Material to process >>
▬▬▬▬▬▬▬▬▬▬
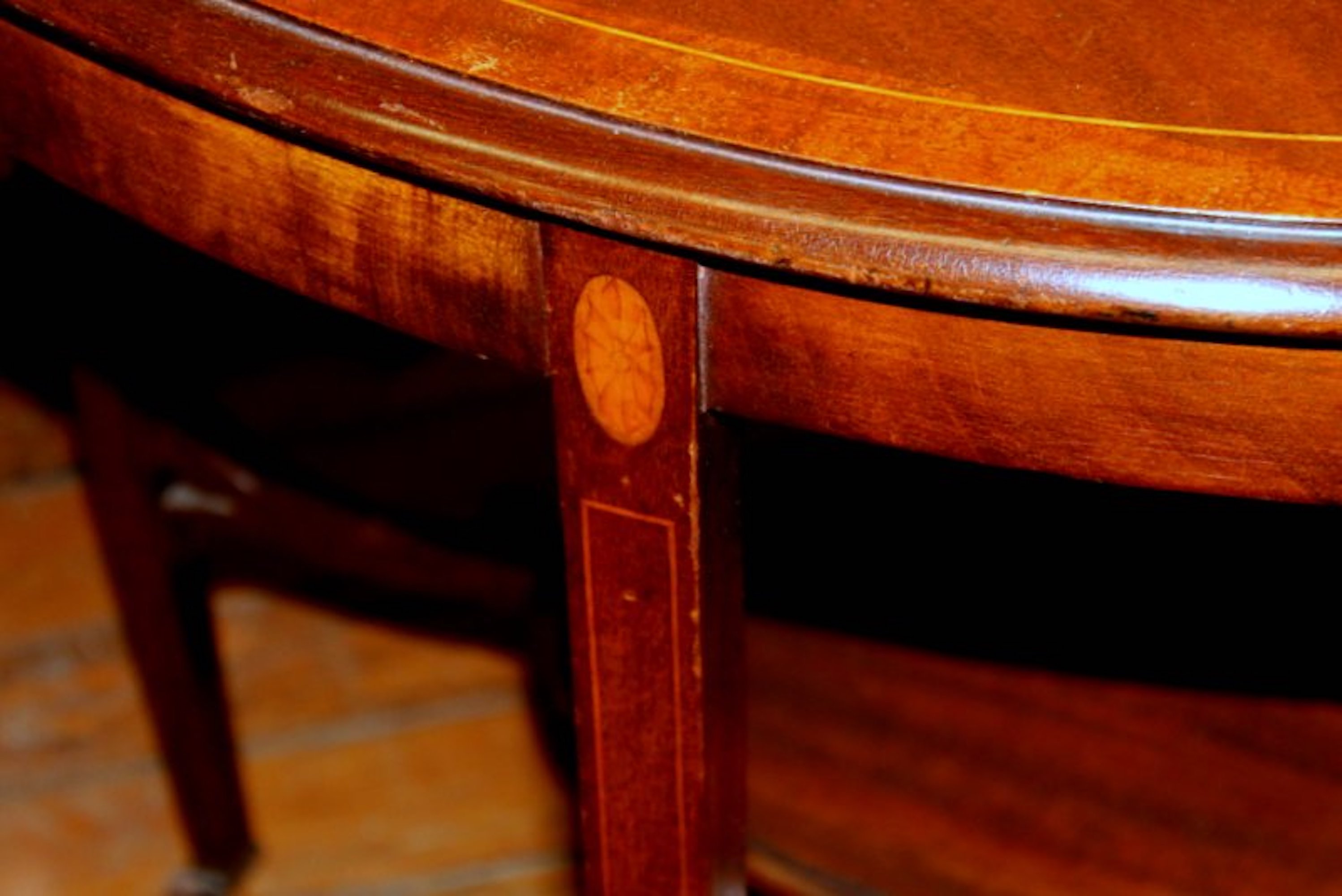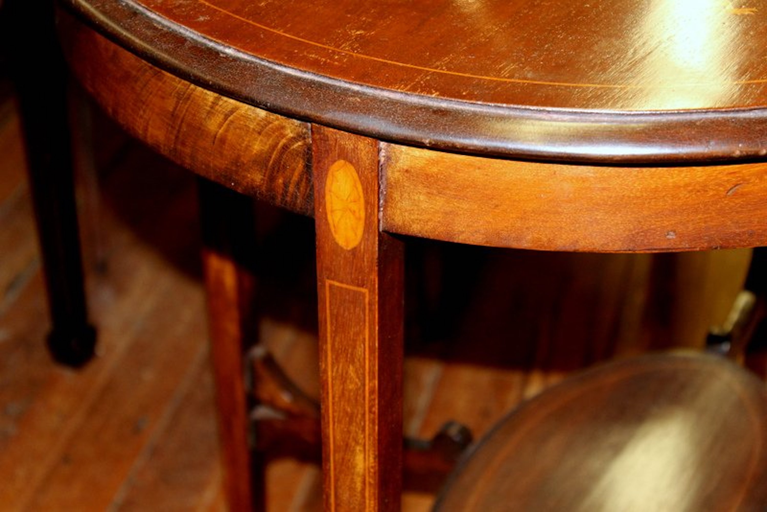 Old English Marquetry Inlaid Mahogany "Adam" Style Occasional Table - Image 8
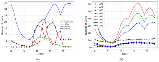 The spatiotemporal characteristics of the traffic are heterogeneous in terms of the AP-level. Figure 1 shows the changing number of users collected from the APs installed on the campus of Pusan National University (PNU) located in Pusan, South Korea. Figure 1a shows the changing number of sessions over time upon selecting an AP from different buildings. Each AP has a different pattern for the number of users. In the restaurant, the number of users increases at mealtime. In the office, users associate the Wi-Fi system during daytime except for lunchtime. In the lecture building, the pattern of the number of users is similar to that of the office, but the volume of the pattern is large. The library has more users at night than during the daytime. Figure 1b shows the changing number of users over time for all APs placed on a floor in the library. All APs have similar patterns, but the volume difference between the APs is significant. APs 5, 6, and 8 have a pattern in which the number of users changes considerably and the number of users falls at mealtime. The remaining APs have less variations in their number of users. Upon examining the Wi-Fi system at the AP level, the heterogeneity of the spatiotemporal characteristics can be observed.
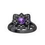 Ametist ve pırlanta 925 ayar siyah rodyum kaplama gümüş yüzük (0.9064 karat)
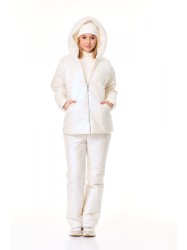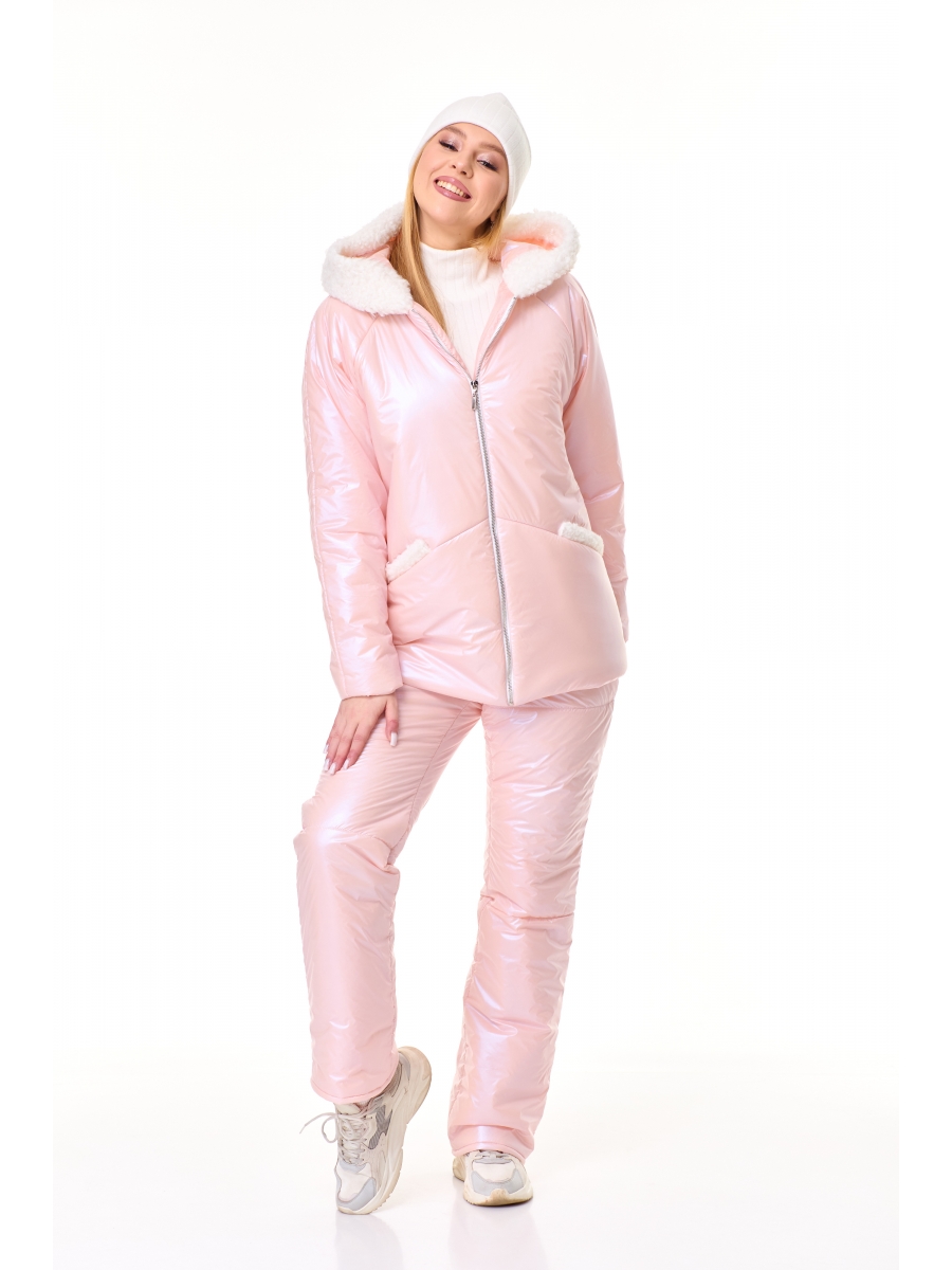 Зимний воздушный комплект в нежном перламутровом цвете с меховой отделкой состоит из куртки и утепленных брюк.
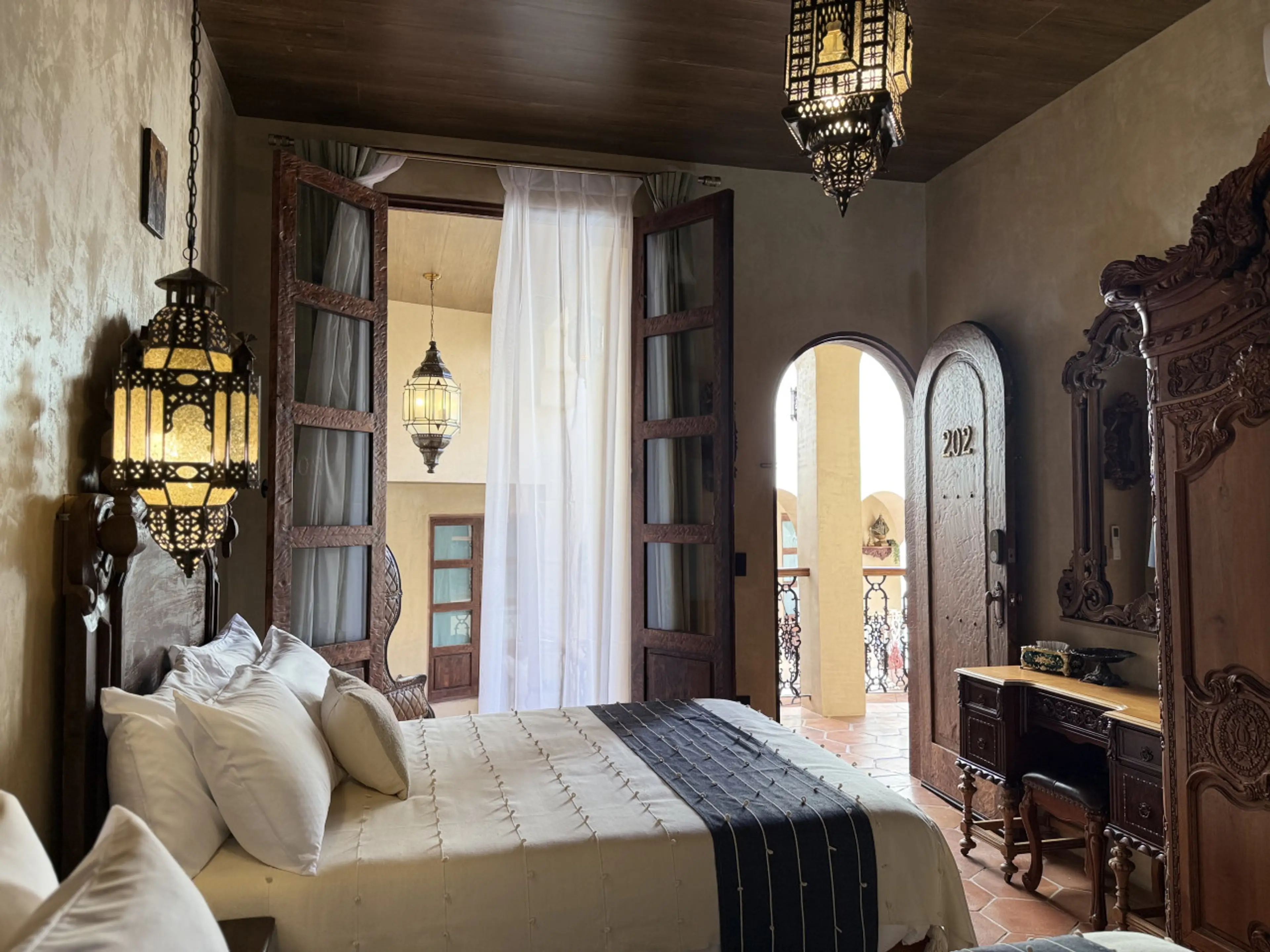 Soft Opening! Experience the opulence of Mexico's traditional design in our Hacienda Suite, featuring two queen beds and authentic Riad-style architecture. Handcrafted with Mexican materials, this luxurious room opens to a shared courtyard with a stunning Cabrera stone fountain. Enjoy modern comfort...
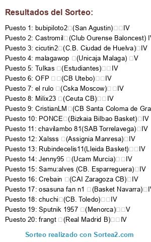 Lista de participantes: DKR_07 (Panathinaikos) V, j-220894 (Lagun Aro GBC) V, malagawop (Unicaja Malaga) V, osasuna fan n1 (Basket Navarra) IV, Maikel21 (Lucentum Alicante) IV, Crebain (CAI Zaragoza CB) IV, Jenny95 (Ucam Murcia) IV, Xalsss (Assignia Manresa) IV, diegofm_boal (Maccabi Tel Aviv) IV, Sputnik 1957 (Menorca) V, jcnavarro88 (Gran Canaria) V, el rulo (Cska Moscow) IV, Tulkas (Estudiantes) IV, Magocanario (Caja Laboral Baskonia)IV, Malu (Montepaschi Siena) VI, frangt (Real Madrid B) IV, Sound (Caceres 2016) IV, Samu:alves (CB. Esparreguera) IV, Milix23 (Ceuta CB) IV, chuchi (CB. Toledo) IV, Miguelhierro (Gran Canaria 2014) VI, Jcunill (SAS Suria) IV, Agache (UB la Palma) IV, mi2 (CAB Obradoiro) IV, PONCE (Bizkaia Bilbao Basket) IV, Choco__ (Oklahoma City Thunder) IV, Serjah (Fuenlabrada SAD) VI, OFP (CB Utebo) IV, Rubindecelis11(Lleida Basket) IV, cicutin2 (C.B. Ciudad de Huelva) IV, bubipiloto2 (San Agustin) IV, CristianLM (CB Santa Coloma de Gra) IV, Castromil (Club Ourense Baloncest) IV, chavilambo 81(SAB Torrelavega) IV.
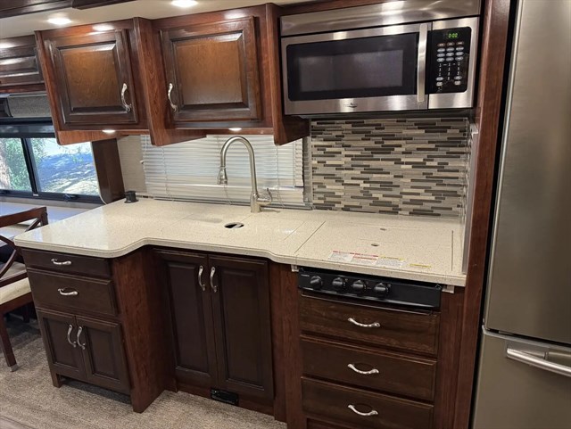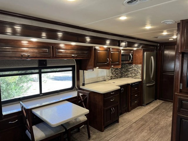Interior: Features include solid surface countertops, hand-crafted Maple cabinets, and an optional drop-down cabover bunk.
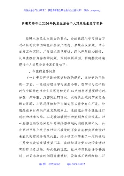 / 乡镇党委书记2024年民主生活会个人对照检查发言材料
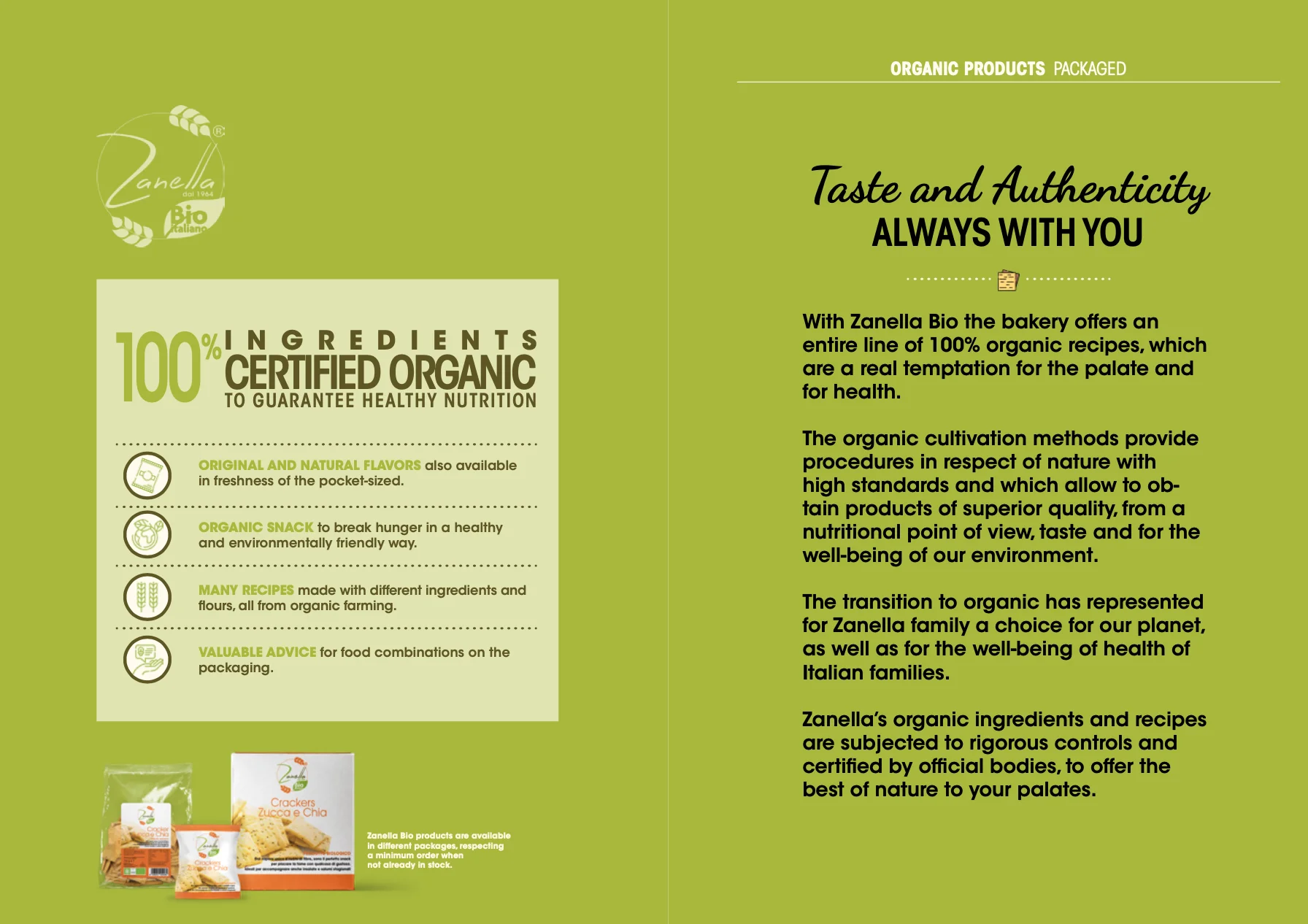 Following the above mentioned choice, in 2010 Panificio Zanella started the production of organic products, too with specific attention to taste and deliciousness. This choice led to be Private Label producer for a very important italian brand as far as organic is concerned.
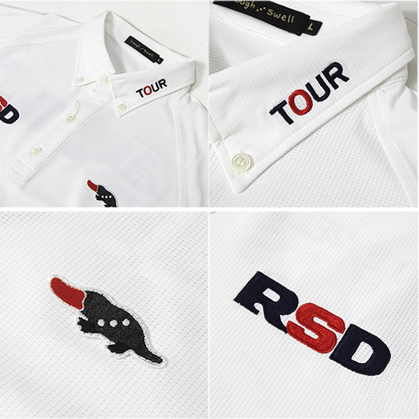 左袖にはハーヴィー・ペニックの名言、TAKE DEAD AIM(狙いにだけ完全に集中しなさい)の文字を刺繍でデザイン。パターを打つ前に1度確認してみては?!
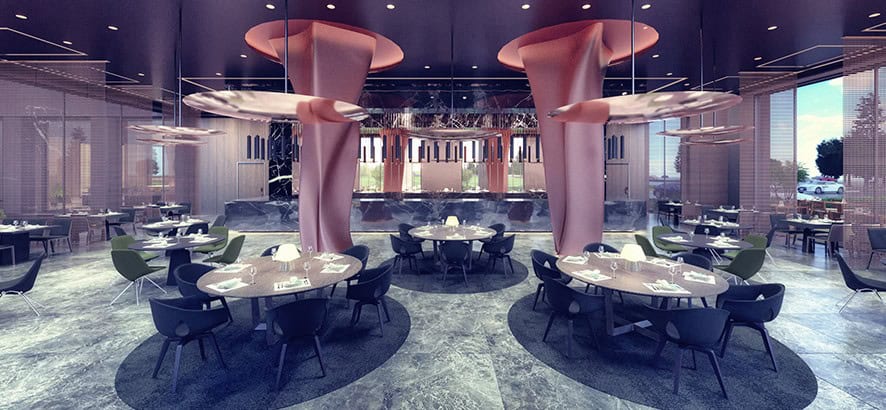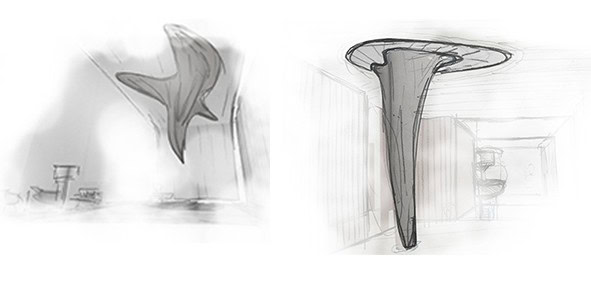 Taşıyıcı elemanları, net arka fon ile zıtlaşan heykelsi formlar olarak tasarlamış. Böylece, söz konusu ‘organik kolonlar’ sıvı akışkanlığında dondurulmuş hissi veren, bakılan her açıda algısı çeşitlenen bir odak noktasına dönüşmüş.
▬▬▬▬▬▬▬▬▬▬
Problem to solve >> Print the lines from the beginning of the records up to and including the line containing "Зимний воздушный комплект", word for word, with no pictures.

Solution below >>
 Old English Marquetry Inlaid Mahogany "Adam" Style Occasional Table - Image 8
 The spatiotemporal characteristics of the traffic are heterogeneous in terms of the AP-level. Figure 1 shows the changing number of users collected from the APs installed on the campus of Pusan National University (PNU) located in Pusan, South Korea. Figure 1a shows the changing number of sessions over time upon selecting an AP from different buildings. Each AP has a different pattern for the number of users. In the restaurant, the number of users increases at mealtime. In the office, users associate the Wi-Fi system during daytime except for lunchtime. In the lecture building, the pattern of the number of users is similar to that of the office, but the volume of the pattern is large. The library has more users at night than during the daytime. Figure 1b shows the changing number of users over time for all APs placed on a floor in the library. All APs have similar patterns, but the volume difference between the APs is significant. APs 5, 6, and 8 have a pattern in which the number of users changes considerably and the number of users falls at mealtime. The remaining APs have less variations in their number of users. Upon examining the Wi-Fi system at the AP level, the heterogeneity of the spatiotemporal characteristics can be observed.
 Ametist ve pırlanta 925 ayar siyah rodyum kaplama gümüş yüzük (0.9064 karat)
 Зимний воздушный комплект в нежном перламутровом цвете с меховой отделкой состоит из куртки и утепленных брюк.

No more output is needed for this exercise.